Finite Element Method

This repository contains the implementation of a Finite Element Method (FEM) on a 2D environment to solve the following problem:

Find $\Psi: \Omega \rightarrow \mathbb{R}$ s.t.

$$ \begin{equation*} \begin{aligned} \text{div}(\lambda \nabla \Psi(x)) &= \rho(x) \quad \text{on } \Omega \\ \nabla \Psi(x) \cdot n &= 0 \quad \text{on } \delta \Omega_\text{NM} \\ \Psi(x) &= f(x) \quad \text{on } \delta \Omega_\text{D} \end{aligned} \end{equation*} $$

The user can set either Dirichlet or homogeneous Neumann boundary conditions on each side of the domain and specify a line-shaped source within the interior of the domain.

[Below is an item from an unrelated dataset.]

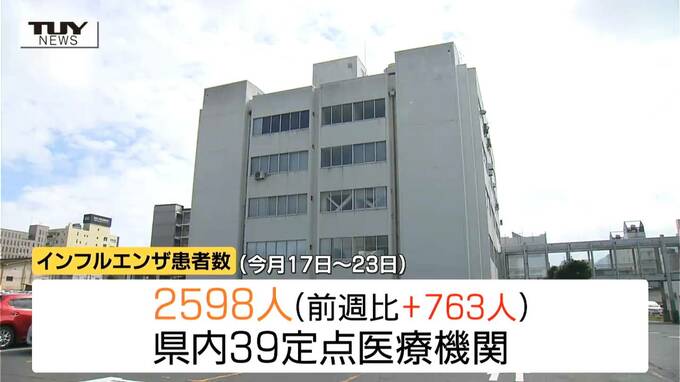 県衛生研究所によりますと、今月17日から23日までに県内39の定点医療機関から報告があったインフルエンザの患者数は、前の週より763人増加し2598人でした。

The program was developed from scratch as part of the course Numerische Simulation für Digital Engineering at Graz University of Technology, taught by Dr. Klaus Roppert. The goal was to minimize the runtime of the program, hence the implementation is highly optimized for this specific setting.

We were only allowed to use the following external packages:

• sklearn.neighbors import BallTree
• numpy
• scipy.sparse

The GUI is only guaranteed to correctly render using python 3.10.12.